鐵錳鋁合金鋼具有取代鉻系不鏽鋼的潛力，被稱為窮人的不鏽鋼，而錳鋁鋼相變化的研究則是提供發展鐵錳鋁不鏽鋼的重要基礎。本論文為研究合金成份Fe-10 Mn-9 Al-0.16 C (合金A)與Fe-25 Mn-9 Al-0.13C (合金B)經1300℃與1200℃高溫處理後空冷與水冷及恆溫處理後之相變化。於高溫處理後空冷，合金A與B皆可觀察到肥粒體基地還有魏德曼組織在晶界生成；若以水淬的方式冷卻，則可以觀察到肥粒體晶粒內有麻田散體相。對高溫空冷的試片做穿透式電子顯微鏡分析，魏德曼組織中只有在合金B發現L12析出；而在肥粒體基地中，合金A與合金B皆有D03析出。在高溫空冷的過程中先發生spinodal相分離再經有序化反應後可觀察到L12與D03析出物析出，並藉由STEM的面掃描推測，應有鋁元素有序化反應後的叢聚現象。合金A經1100℃固溶處理後，再於900℃至500℃以100℃為區間持溫熱處理100小時後皆為肥粒體與沃斯田體組成之雙相結構，β-Mn 相存在的溫度範圍，介於800℃至500℃之間，α- Mn 相存在的溫度範圍介於600℃至500℃之間。
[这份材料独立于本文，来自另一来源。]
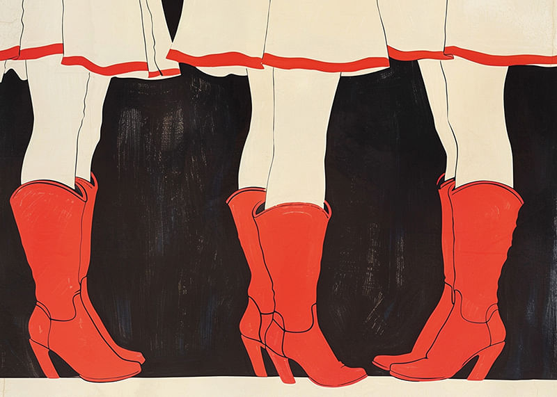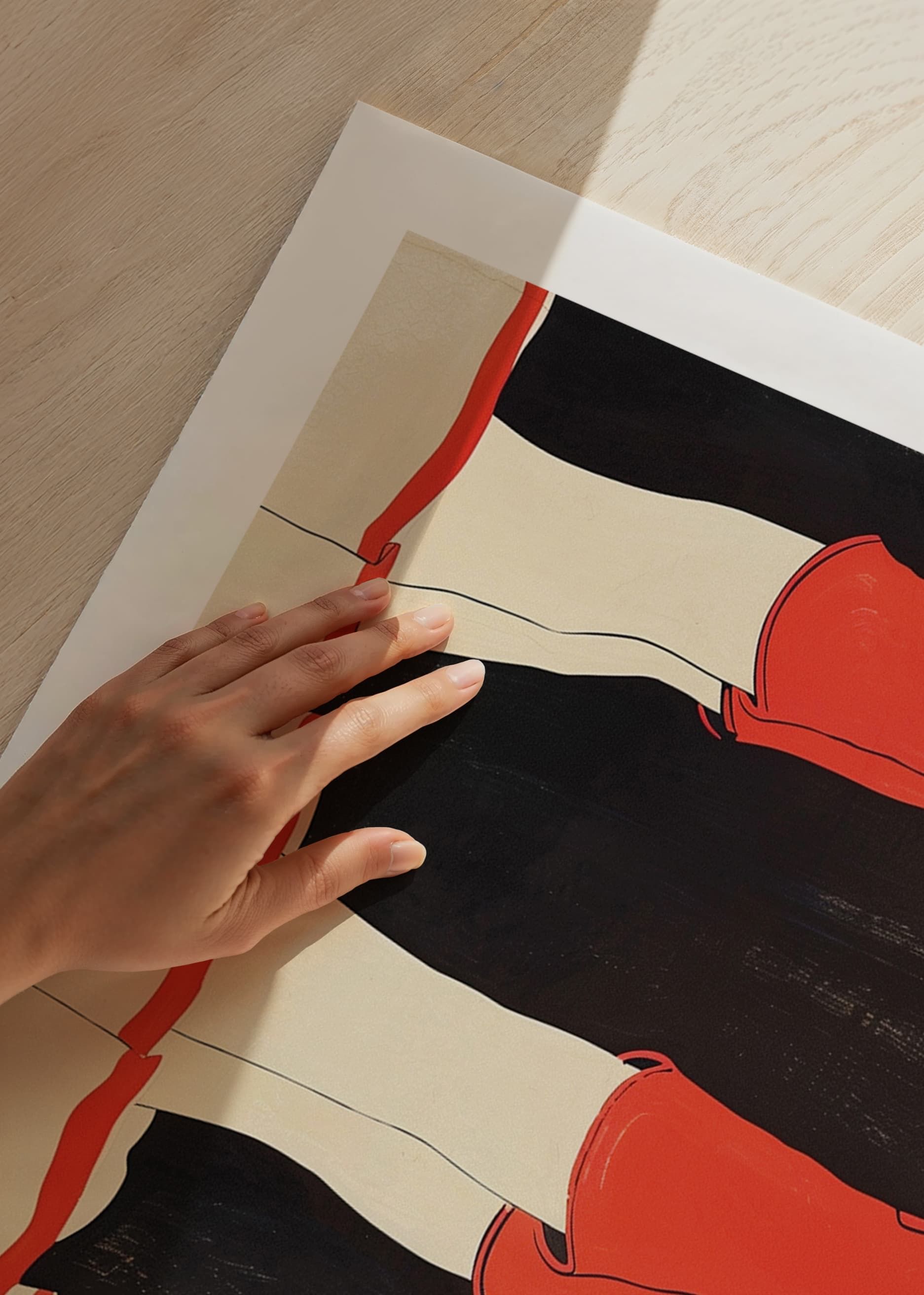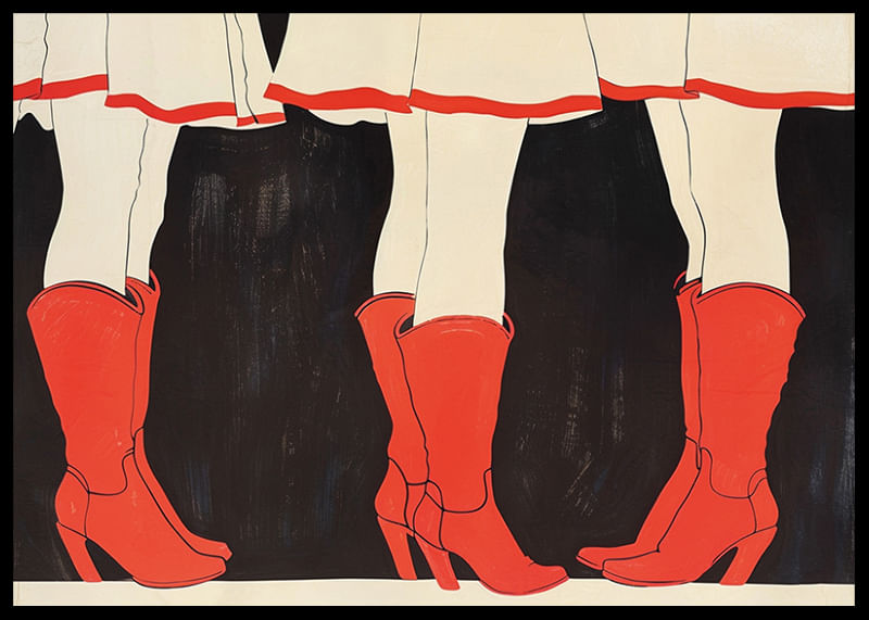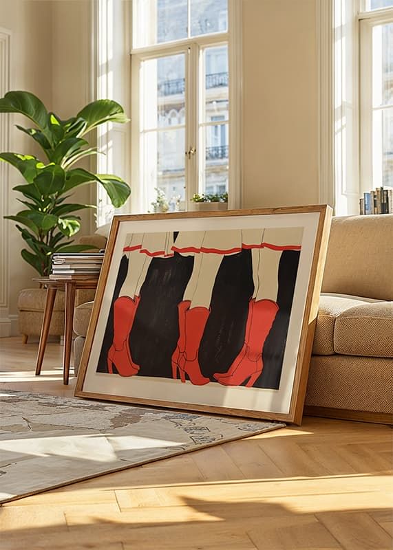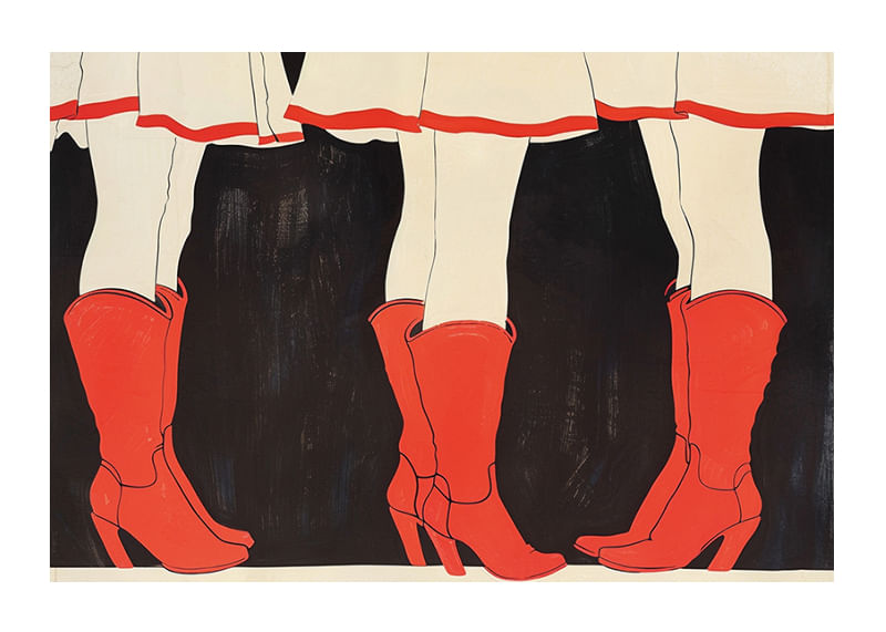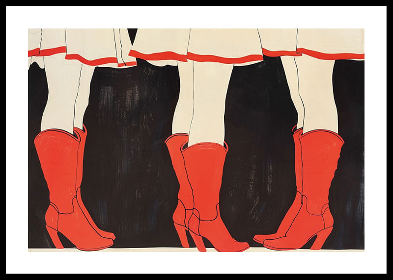 This poster captures the dynamic meeting of retro style and modern art through its bold red boots against a simple background. The red details give a sense of movement and energy, highlighting the lines and elegant posture of the clothes.

Fe-Mn-Al alloy steel has the potential to replace chromium-based stainless steels and is known as the poor man's stainless steel. The study of phase transformations is the basis for the development of Fe-Mn-Al stainless steel. This studies the alloy Fe-10 Mn-9 Al-0.16 C (alloy A) and Fe-25 Mn-9 Al-0.13C (alloy B) after high temperature treatment at 1300℃ and 1200℃, air cooling, water quenched and constant temperature treatment phase transformations. After high temperature treatment and air cooling, alloy A and both can be observed that the ferrite and Widmanstätten structure at the grain boundary; if water quenched, martensite is observed in the martrix. The TEM analysis of the high temperature air-cooled test piece showed that L12 precipitation was only found in the Widmanstätten structure of alloy B; both alloy A and alloy B had D03 precipitated in the martrix. In the process of high temperature air cooling, the spinodal phase transformation occurs first, and then ordering reaction, L12 and D03 precipitates can be observed. Based on the surface scanning of STEM, it is inferred that there should be rich region after the ordering reaction of aluminum. Alloy A is solution treatment at 1100°C, and then heated at 900°C to 500°C at 100°C for 100 hours. It is a two-phase structure composed of ferrite and austenitic. The temperature range of the β-Mn phase is between 800°C and 500°C, and the temperature range where the α-Mn phase exists is between 600°C and 500°C.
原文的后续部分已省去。